Users at Viewpoints.com give the Whirlpool LTE5243DQ laundry center an overall rating of 71 points out of 100 in about 30 reviews. We also found an additional two dozen reviews at retail sites. Owners like this laundry center's space-saving design and they generally say the machine cleans and dries well. However, many complain that it can only handle very small loads; one user says that a whole sheet set must be divided into two loads. We also saw some complaints that the washer has a tendency to become unbalanced. This problem can cause loud noise and sometimes stops the machine cold, requiring a service call. One plus is that, because this Whirlpool laundry center requires a 240-volt outlet, you can use the washer and dryer at the same time.
Kenmore also makes a number of laundry centers, but most receive only a few reviews from users at Sears.com (the only site that sells Kenmore appliances). However, the 24-inch Kenmore 88752 (*Est. $1,450 ) has amassed about 40 reviews, with a middling 3.5-star average rating (out of 5). Like the Whirlpool LTE5243DQ, the Kenmore 88752 has a top-loading washer with a small 1.5-cubic-foot capacity and a 3.4-cubic-foot electric dryer. Other features include nine wash cycles, seven drying cycles, dial controls, an end-of-cycle signal and a one-year warranty. The dryer does not include a moisture sensor, however, and the washer is not Energy Star-certified. This laundry center runs on a 240-volt current, so the washer and dryer can be used at the same time.

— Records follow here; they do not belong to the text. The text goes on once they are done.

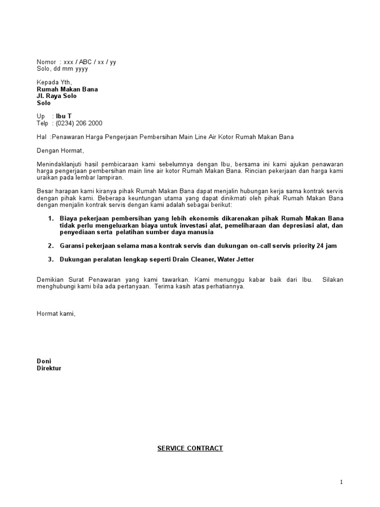 Contoh surat penawaran harga rumah, barang elektronik dan furniture. Kumpulan contoh surat penawaran mulai dari surat penawaran resmi, jasa, barang, kerjasama berserta dengan pengertian dan struktur surat penawaran. Demikian penawaran ini kami sampaikan, untuk lebih lengkapnya terkait materi pelatihan kami yang lain, bisa dilihat di file lampiran. Beberapa contoh surat penawaran kerjasama dengan berbagai macam keperluan, seperti penawaran produk atau jasa, penawaran bisnis, penawaran. Dari beberapa contoh surat penawaran jasa di bawah ini, dapat disimpulkan bahwa surat penawaran produk barang dan jasa sebenarnya tidak jauh berbeda. Seiring dengan perkembangan zaman surat penawaran ini sangat membantu anda dalam pemasaran produk atau salah satu alat untuk mempromosikan. Surat penawaran jasa servis ac. Surat penawaran sendiri adalah surat yang dibuat dengan tujuan untuk menawarkan sesuatu, baik barang. Jenis surat ini tergolong masih merupakan salah satu jenis surat. Untuk pesanan nasi box diatas 50 akan mendapatkan diskon 15% pada akumulasi akhir. Contoh surat penawaran catering by cakdidikk in types > brochures, catering, and surat. Tujuan dibuat surat penawaran ini, supaya jasa atau barang yang anda tawarkan bisa berjalan dengan lancar. Bagi kalian yang belum tahu atau.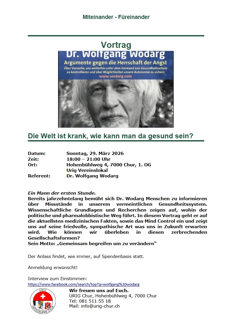 Dr. Wolfgang Wodarg schildert auf seine lebendige Art den momentanen Zeitgeist unserer Obrigkeit und bietet Möglichkeiten zur eigenen Veränderung.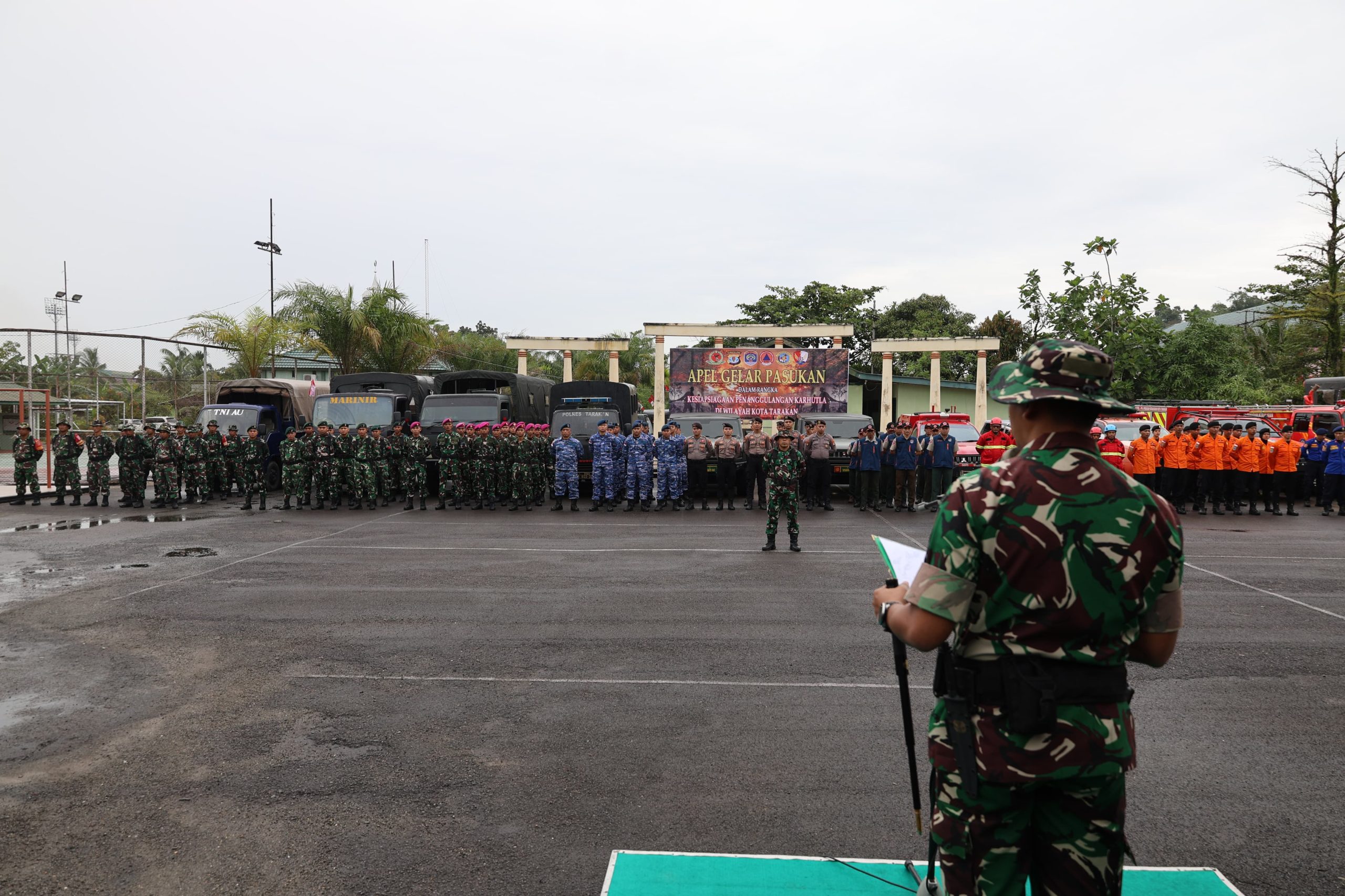 Tarakan – Kodim 0907/ menggelar apel gelar pasukan dalam rangka kesiapsiagaan menghadapi potensi kebakaran hutan dan lahan (karhutla), Selasa, (12/8/2025).

Users at Sears.com are divided over the Kenmore 88752. Some users report great success with this laundry center, and they particularly praise the unit's convenience and space savings. It's also easy to use and operate, according to reviews. However, others are frustrated by its small capacity. There are also a number of reliability complaints, including broken water pumps, leaks and loud noises that develop over time. Interestingly, the gas version of this laundry center, the Kenmore 98752 (*Est. $1,475) does not seem to have similar problems. Although we found only a dozen or so reviews for this model, several of them actually praise its reliability, saying it has lasted for 10 years or more.